Summer brings changes – but are you coping?

We are approaching the season for large numbers of the population, both adults and children, where big life changing events take place.

Ordinarily we take them in our stride but sometimes we can be caught out and not cope as well as we would have expected to.

Many may be facing a change in the rhythm of the education system with a move to a new school or away heading off to university. Alternatively, there can be house moves, leaving friendship groups and family behind, relationship breakdowns, bereavement and severe business difficulties.

Janette Smeeton, Safeguarding Lead and Clinical Supervisor at Derwent Rural Counselling Service explains.

Most people embrace change as an exciting and challenging prospect, but for some, those alterations can feel like a huge pressure bringing abnormal and excessive negative reactions.

Often called Adjustment Disorder, it can occur whenever life changes for us – whenever we find that our usual routine or habits, change – even if it is an expected change.

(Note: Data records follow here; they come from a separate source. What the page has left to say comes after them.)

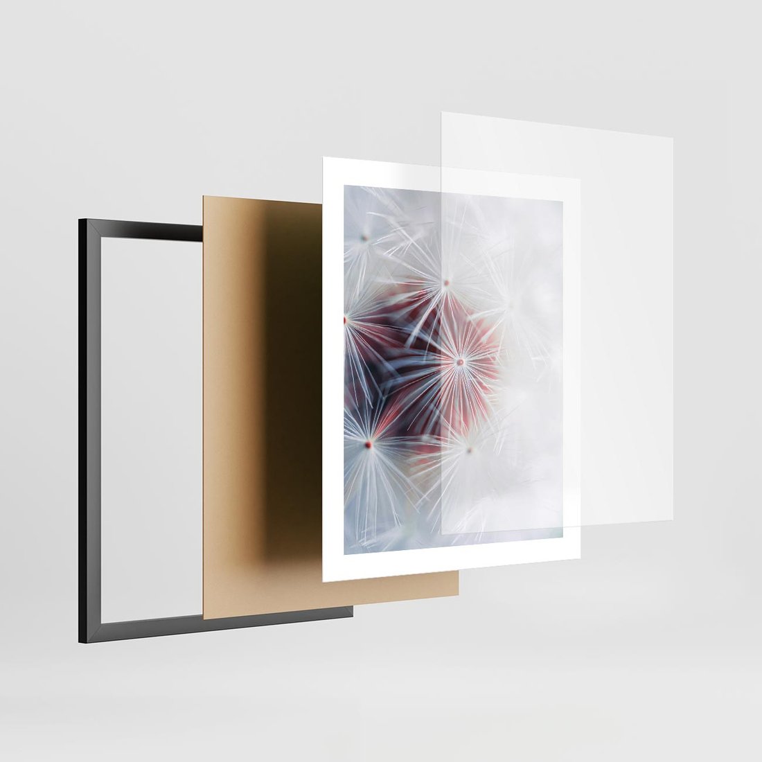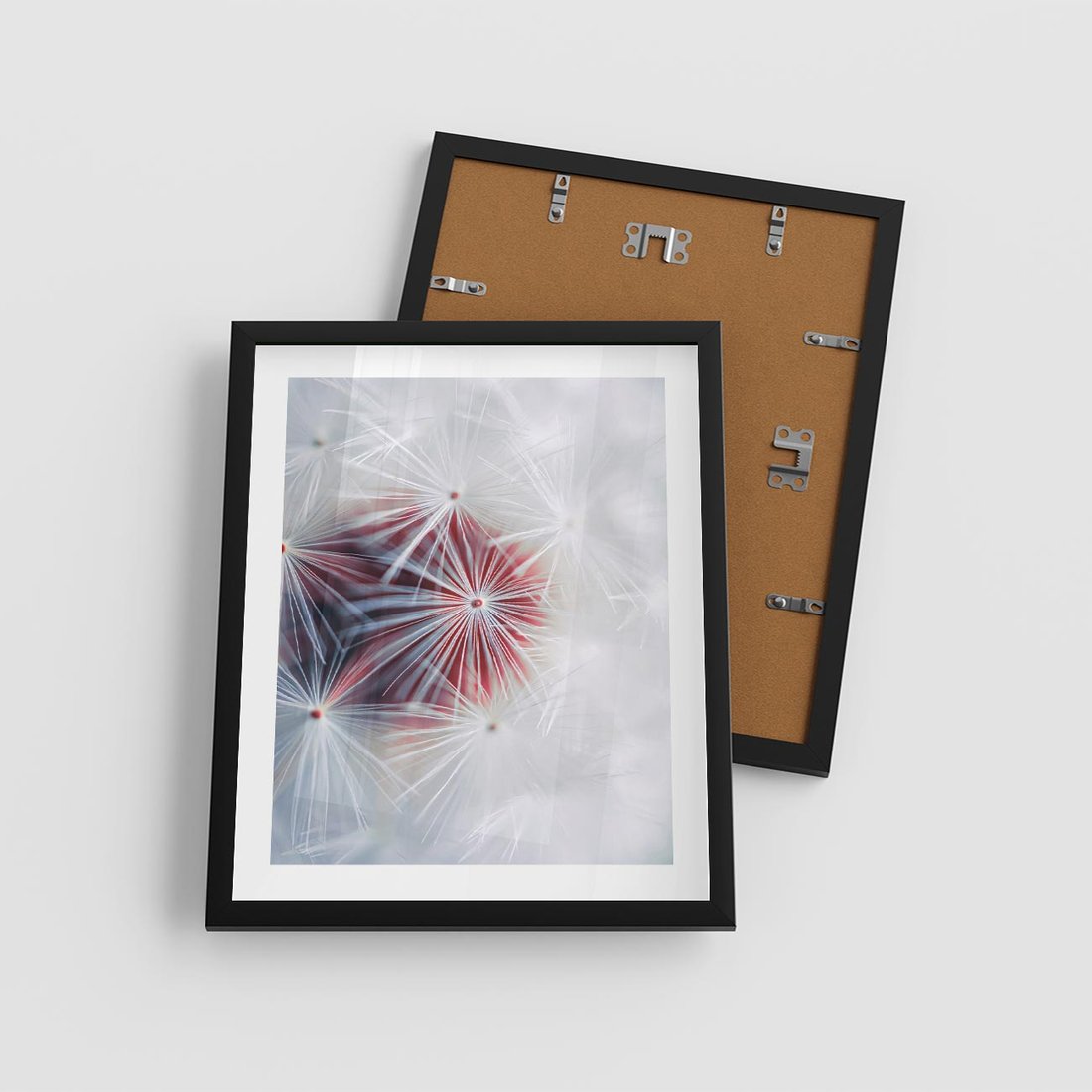 Plakat w ramie 40x50 - Minimalistyczna Delikatność - zbliżenie, dmuchawce - rama czarna
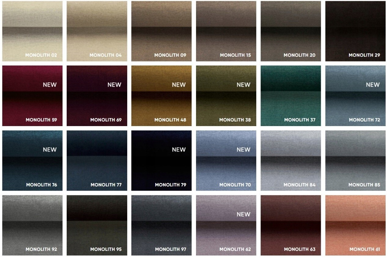 Tkanina Monolith je pevná, ale na dotyk príjemná poťahová látka. Je obohatená špeciálnou hybridnou vrstvou, ktorá zabraňuje prenikaniu kvapalín do štruktúry tkaniny. Táto príjemná a odolná tkanina sa skvele hodí do každej domácnosti aj verejných priestorov. Je to tiež skvelá tkanina pre deti a materiál odolný voči domácim zvieratám.
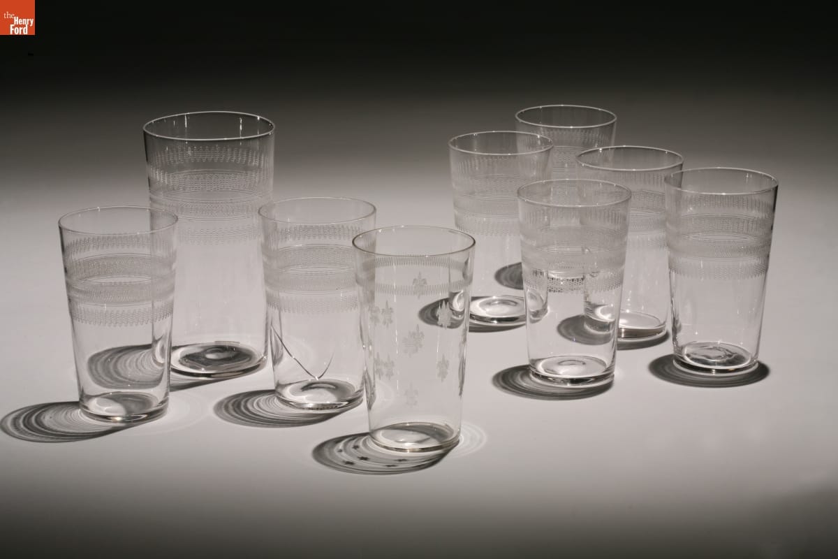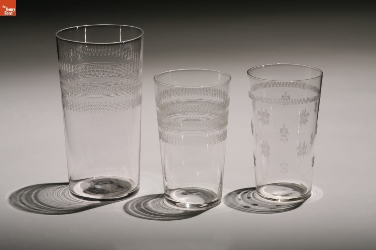 George Newhall of San Francisco, California, used these glass tumblers for picnics and outings. They were packed in his fancy "Park Drag" carriage. Well-to-do gentlemen like Newhall drove carriages like these to social events like horse races. There they could enjoy an excellent view from their high seat atop the vehicle while servants served them food and drinks from inside.
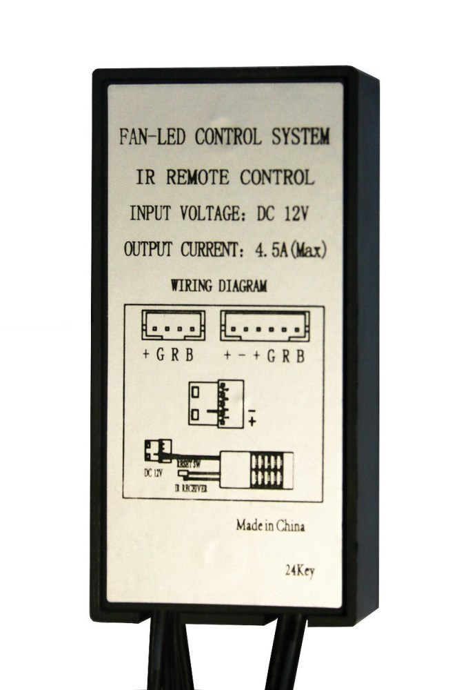 - diaľkové ovládanie (možnosť voľby farby podsvietenia s možnosťou vypnutia, riadenie otáčok ventilátorov s možnosťou vypnutia)
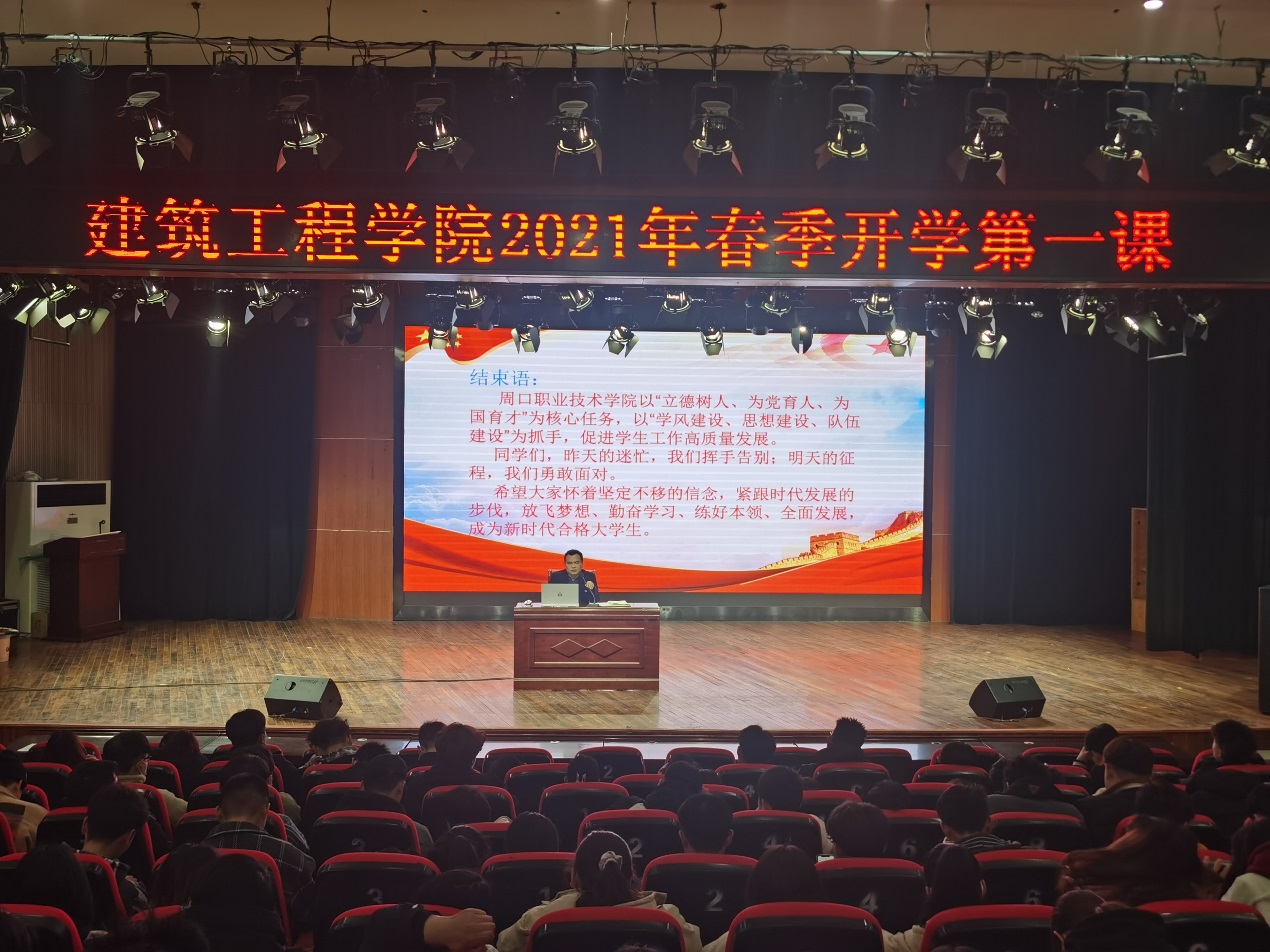 新学期伊始,为贯彻落实思想政治课的引领作用,塑魂育智。3月10日下午,建筑工程学院组织全体学生共同学习了以“青年学生深刻认识面临的形势与任务”为主题的开学第一课。课程由党总支书记范伟杰主讲。
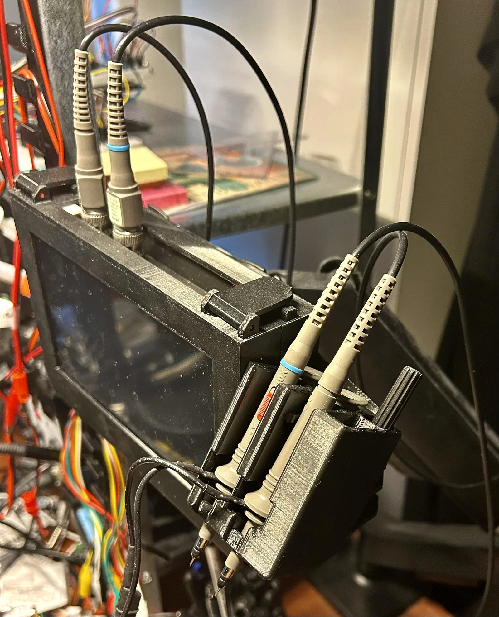 Mẫu thiết kế giá đỡ VESA 75x75 cho máy hiện sóng FNIRSI 1013d, cho phép gắn vào tay treo màn hình tiện lợi. Thiết kế hỗ trợ hot insert cho phụ kiện kẹp đầu dò, khuyến khích in bằng nhựa PETG để đảm bảo độ bền.
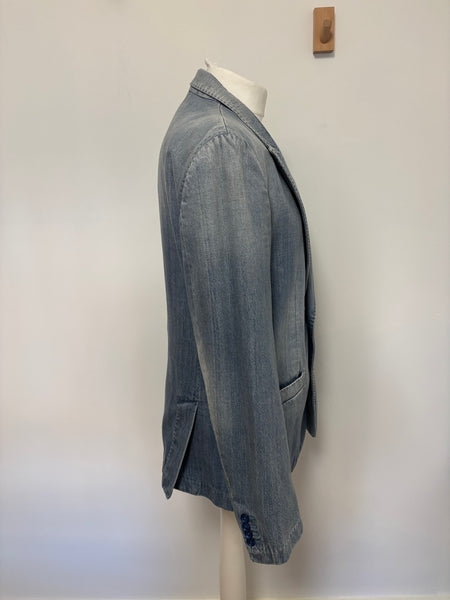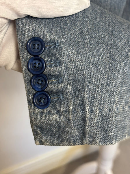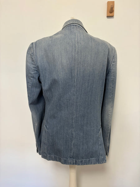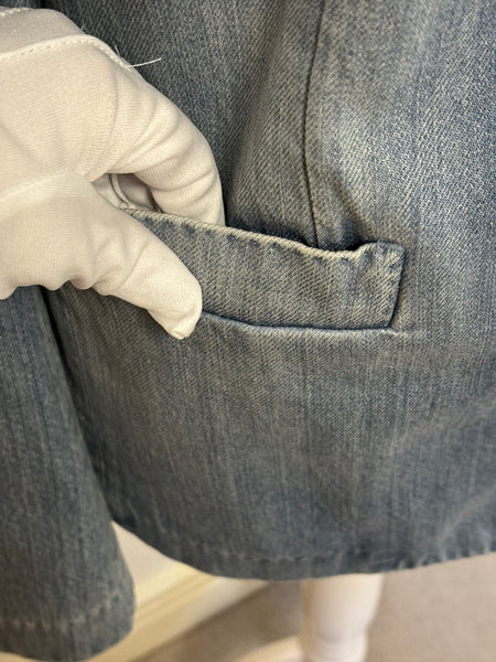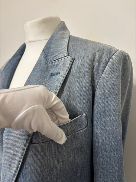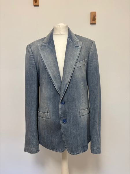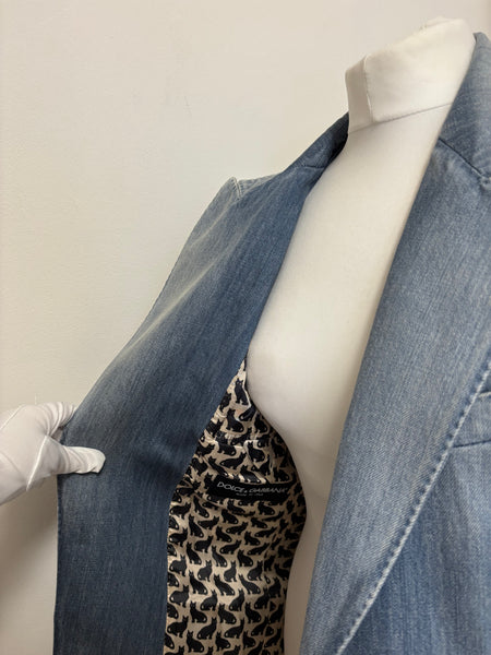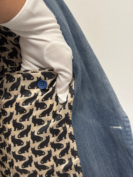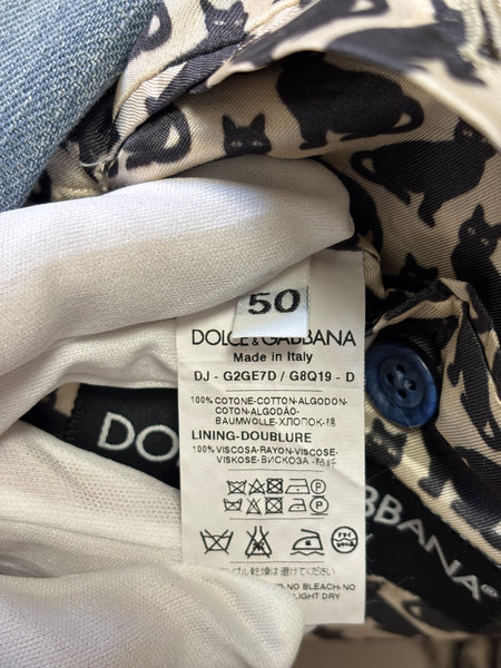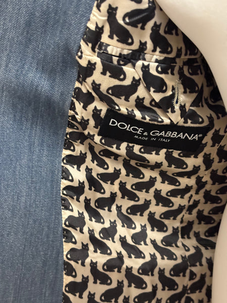 Dolce & Gabbana blazer crafted from washed denim with structured lapels and a two-button closure. The playful surprise lies inside – a printed lining featuring whimsical black cats, adding a signature D&G touch of personality to a wardrobe staple. This blazer is a sharp twist on classic tailoring.
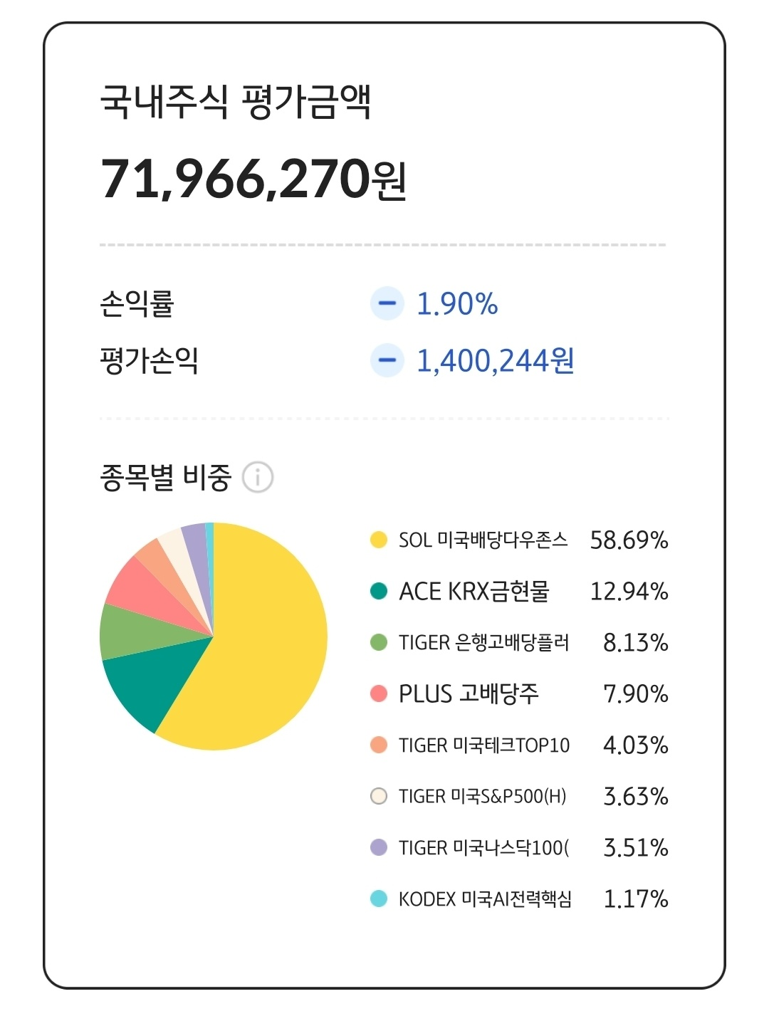 | [2025년 7월 투자결산] 고배당주·금현물·AI 인프라 ETF 수익 공개! 누적 수익 1,100만 원 돌파 (7) | 2025.07.30 |

The reaction can be more severe than would normally be expected and may result in significant impairment in day to day tasks, social, occupational, or academic functioning.

Symptoms can include depressed mood, impaired occupational/social functioning, agitation, palpitations; conduct disturbances for example truancy, vandalism, fighting; withdrawal; anxiety and tension.

You often hear people talking about feeling lost or, as though they have experienced a loss after a significant change has occurred and at times it can feel like depression or anxiety.

Usually, it passes all by itself within a couple of months and people make the adjustment. However, for some it starts to become problematic. If it lasts for more than three to six months it can often be helpful to talk to a therapist.

Adjustment disorders are associated with high risk of suicide and suicidal behaviour, substance abuse, and interference with the treatment of other medical disorders. Untreated it may progress to become a more severe mental health condition such as a major depressive disorder.

The primary goal of treatment is to relieve symptoms and help the person achieve a level of functioning comparable to that before the stressful event took place.

Recommended treatments include psychotherapy, family therapy, behaviour therapy and self-help groups which concentrate on social support networks, coping and problem-solving skills, also diet, relaxation techniques and sleep patterns.

In therapy, we encourage clients to explore the role of stress for them as an individual, positive ways to deal with stress and avoiding ongoing stressors, placing stressors into perspective in life and viewing stressors as a chance for positive change or improvement.

With help, most people recover without any remaining symptoms if they do not have a previous history of mental illness and have access to stable social support.